Once the NVSM container is deployed using the Helm chart, the NVSM pod should be running in each DGX node under the release namespace specified:

# oc get pods -n RELEASE_NAMESPACE
# or
# kubectl get pods -n RELEASE_NAMESPACE

Review the output of this command to ensure that NVSM pods are running on all DGX nodes.


NVSM Commands

For any maintenance task to be performed on a specific node, the user must enter into the NVSM container running on the specific node. The container name associated with NVSM on a given node can be found in the get pods output.

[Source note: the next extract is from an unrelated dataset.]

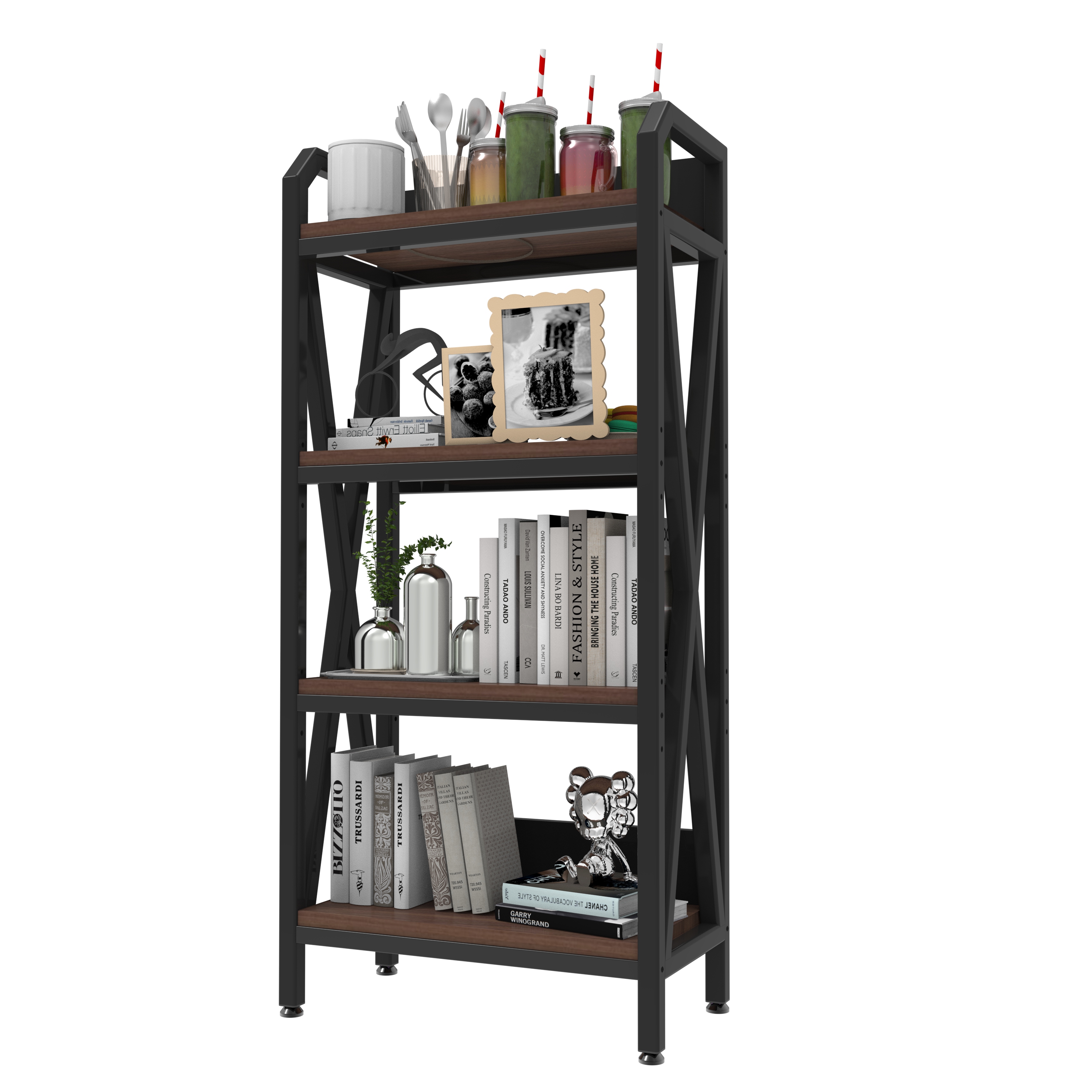 Product Name:56.30'' Bakers Rack 4-Level Storage Shelves Mental and Wooden Kitchen Shelves, Kitchen Organizers and Storage, for Garage, Pantry, Bathroom ,25.60'' Length

# oc exec -it -n RELEASE_NAMESPACE <POD_NAME> -- /bin/bash
# or
# kubectl exec -it -n RELEASE_NAMESPACE <POD_NAME> -- /bin/bash

This will provide a shell on the target container. To run NVSM commands, first the NVSM core has to be initialized by running the command nvsm. This command will initialize the NVSM core and provide an NVSM command prompt to run other supported NVSM commands. This can take a couple of minutes.

# nvsm

Initializing NVSM Core...

nvsm->

With the initial version of containerized NVSM, three commands are primarily supported:

  • nvsm show version: Shows various software/firmware versions on the DGX server.
  • nvsm show health: Provides a summary of system health.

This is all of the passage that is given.